Historic church in Maryland, United States

St. Thomas' Church is an Episcopal church in a rural setting, located at Croom, Prince George's County, Maryland. It is one of four congregations that have constituted the parish of St. Thomas in the Episcopal Diocese of Washington, the others including the Church of the Atonement in Cheltenham, the Chapel of the Incarnation in Brandywine, and St. Simon's Mission also in Croom.

The original church was constructed between 1742 and 1745, and is one of the earliest Episcopal churches in Southern Maryland.
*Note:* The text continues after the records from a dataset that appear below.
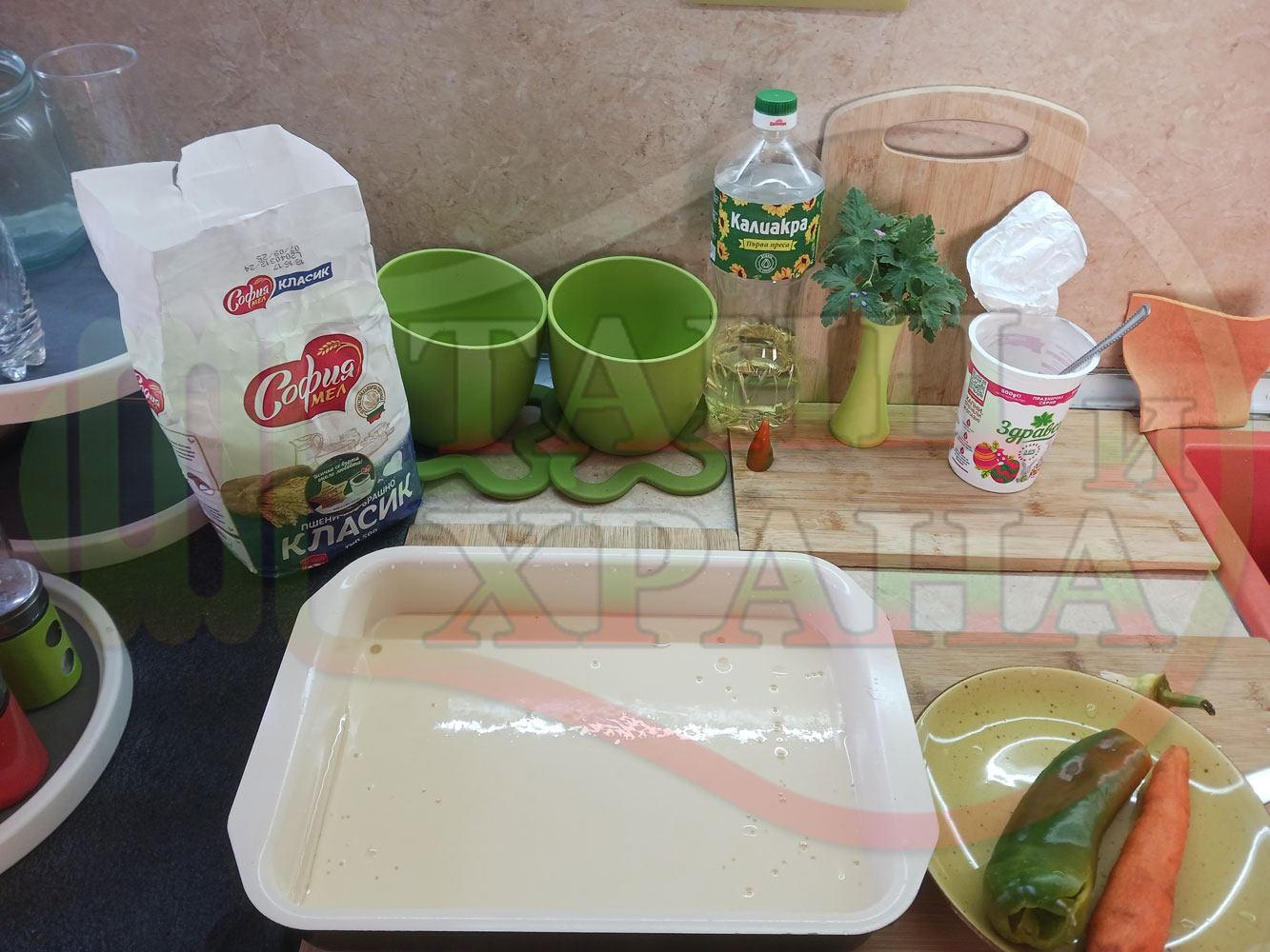 ПРОДУКТИ: Приблизителни количества за бухтена пита "Морковена зеленочушкова" изпечена на фурна със зелени пресни чушки и моркови и стар чесън омесена с яйца, сода за хляб и кисело мляко от България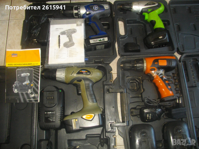 Литий-йонни18 волтови акумулаторни бормашини-винтоверт-дрелка.Белгийска марка и лиценз.Производство-PRC.Марка и модел на машините-Constructor CTC18Li-1100-BM.Винтовертите са нови .Работно състояние - батериите са паднали до дъно и не тръгват да се зареждат.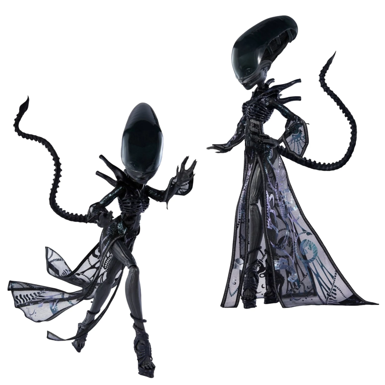 Эта кукла – стильное посвящение знаменитому ксеноморфу из научной фантастики. Она отличается облегающим черным платьем с деталями, вдохновленными экзоскелетом существа, и головным убором, имитирующим форму его черепа. Mattel описывает ее как уникальный и детализированный коллекционный предмет, идеальный для поклонников научной фантастики и поп-культуры. Она поставляется в специальной коллекционной упаковке с сертификатом подлинности, предлагая модную интерпретацию иконы ужасов.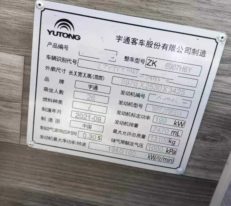 | 客车品牌 | 宇通客车 | 上牌时间 | 2021-10-19 |
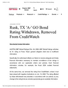 RUSK, Texas — Feb. 24, 2026 — S&P Global Ratings has withdrawn its “A-” credit rating on the City of Rusk’s general obligation debt, citing a lack of sufficient and timely financial information needed to continue monitoring the city’s financial condition.In a public notice issued from Austin, the rating agency stated that the withdrawal was due to its failure to receive key financial documents, including the City’s fiscal year 2024 audited financial statements. Credit rating agencies rely on annual audits and updated financial reports to assess a municipality’s ability to repay borrowed funds and maintain transparency for investors.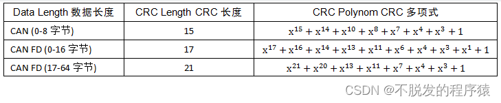 CAN FD在 CRC 校验段采用了三种多项式来保证高速通讯下的数据可靠性。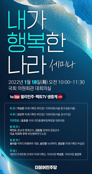 한편, 선대위 미래기획단 ‘내가 행복한 나라’ 세미나는 더불어민주당 유튜브 채널 ‘델리민주’ 등을 통해 실시간 중계될 예정이다. 많은 관심과 시청을 당부드린다.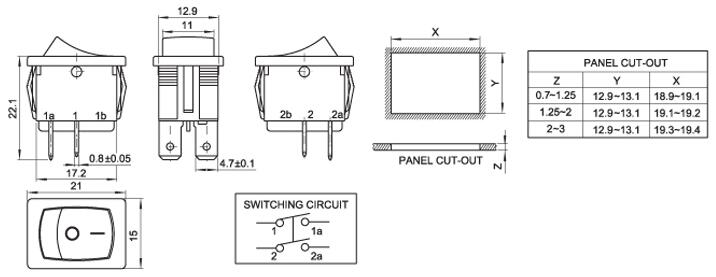 15*21 船型开关 跷板开关 IO电源开关 1.额定工作电压、电流Rating 3A/6A/15A 250V 2.使用温度范围Temperature -25+85℃ 3.接触电阻Contact Resistance <0.03Ω 4.动作力Actuating Force 1.3+0.5N 5.绝缘电阻Insulation Resistance >100MΩ 6.寿命(switching Life) 10000次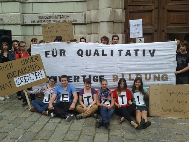 "Wir SchülerInnen zahlen bei der aktuellen Debatte am meisten drauf. Was wir brauchen, sind nicht noch gestresstere LehrerInnen und weniger Ressourcen, sondern mehr gut ausgebildete und gut bezahlte Lehrkräfte, SchulpsychologInnen usw. Wir sind keine manipulierbaren Marionetten, sondern bereit, mit unseren LehrerInnen für Verbesserungen zu kämpfen!" - Stefan Reifberger, AHS-Schüler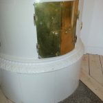 I arbetsrummet är också alla snickerier uppe nu. De behöver spacklas och målas också, men sedan behövs det även här något i fönsterna. Inte heller här vet jag ännu vilken färg det ska vara så det blir till att fundera lite. Men det behövs något ganska snart för i och med att snickerierna kommit på plats så har den fina plasten som tidigare täckt fönsterna tagits bort och det har blivit full insyn. Vi får se om det blir något temporärt – eller om jag kommer på något som får fungera även senare.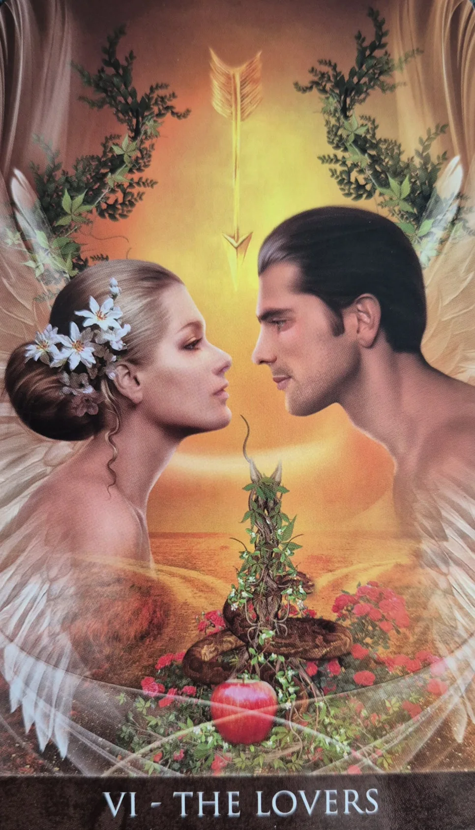 6번 연인카드는 사랑이란, 순간의 매혹을 넘어 서로를 진심으로 마주 보고 선택하여 내 삶의 방향을 결정하는 것이라고 말해 준다. 두 사람 사이에 놓인 사과와 반쯤 몸을 숨긴 뱀은 사랑에는 언제나 유혹, 욕망, 집착 그리고 선택의 갈림길 사이에서 고민함을 포함하고 있다. 그 선택이 내 삶에 어떤 책임(또는 결과)을 가져올지 바라보아야 한다는 것을 의미한다.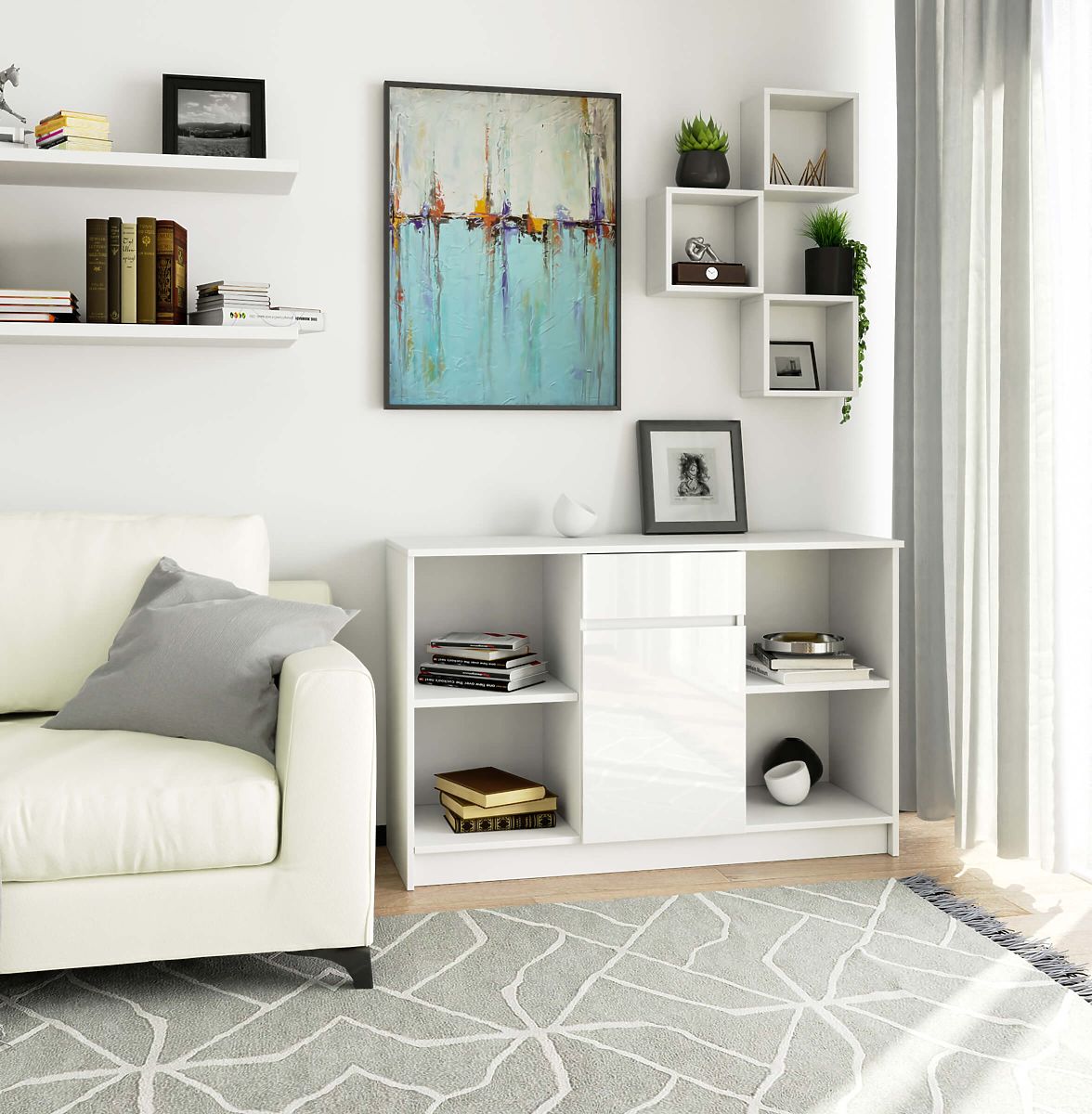 Komoda B-17 120 cm 1 szuflada 1 drzwi to niezwykle praktyczny rodzaj mebla, który idealnie pasuje do salonu, przedpokoju, biura lub pokoju nastolatka. Łączy wysoką jakość wykonania z uniwersalnym, prostym designem, który pozwala dostosować ją do wnętrz o minimalistycznym charakterze. Neutralny biały kolor i możliwość funkcjonalnego wykorzystania w różnych częściach domu czynią ją bardzo ponadczasowym meblem.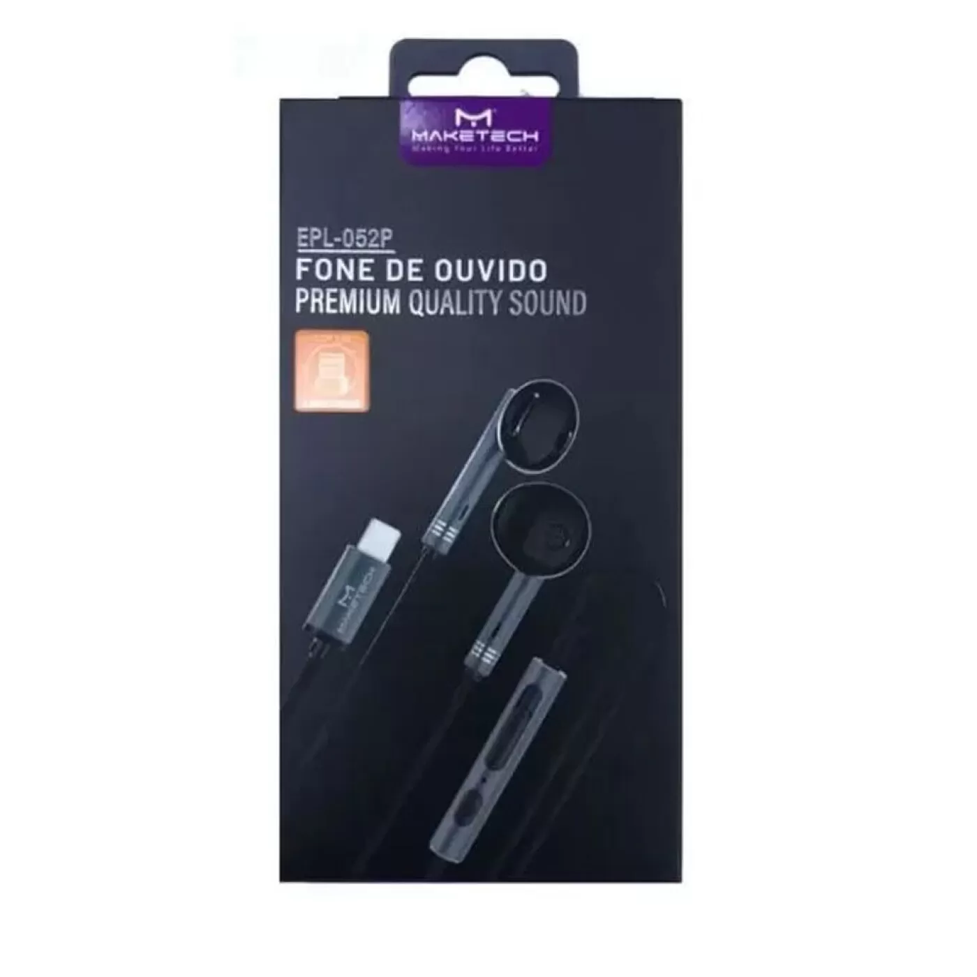 FONE DE OUVIDO COM FIO EPL052P LIGHTNING PRETO - MAKETECH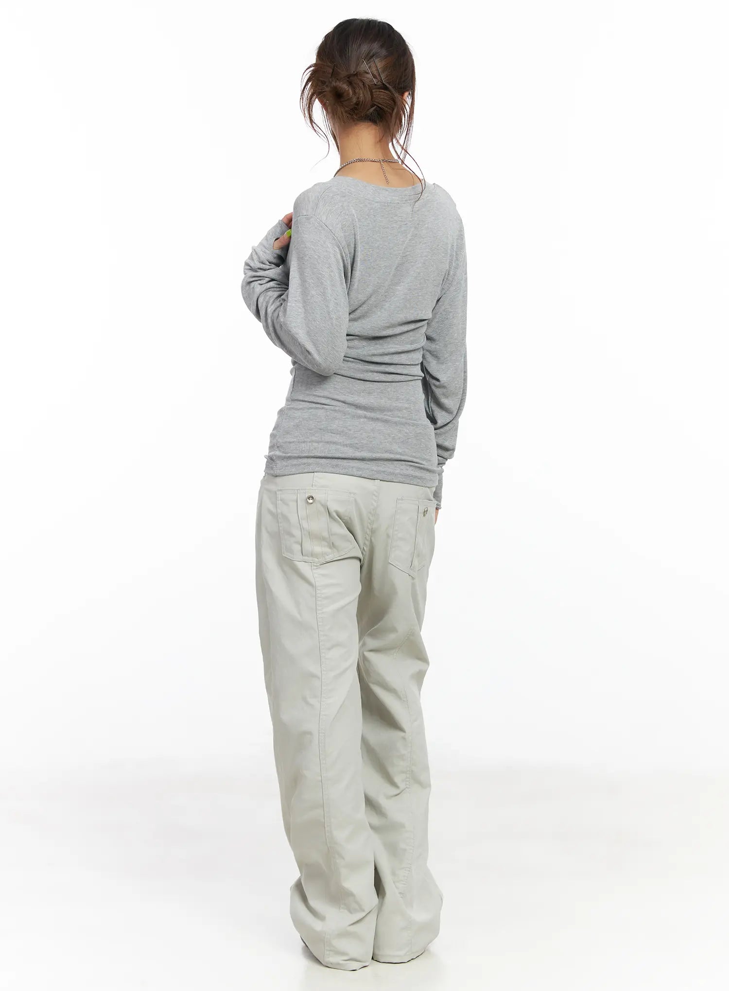 Model is wearing size M and the color Light beige.

With the adjacent cemetery, St. Simon's Mission, and St. Simon's Cemetery, it forms part of the St. Thomas' Episcopal Parish Historic District.

==History==
The church was completed on December 25, 1745, and was unofficially known as "Page's Chapel," as the landowner, Daniel Page, had been contracted to erect the structure. In 1850, St. Thomas' became its own parish and undertook Gothic Revival renovations and expansion under the direction of New York City architect, John W. Priest, an associate of Andrew Jackson Downing. In 1888, the frontal bell tower was erected in memory of Bishop Thomas John Claggett, first Bishop of the Protestant Episcopal Church consecrated in the United States. Recent restoration work, in 1954, was based on the specifications of the original 1740s building contract, but retained Priest's Gothic Revival additions. The church is surrounded on all sides by a cemetery, which contains the graves of many prominent citizens and old county families. A fence and cast iron gate posts with Gothic designs was installed in 1907.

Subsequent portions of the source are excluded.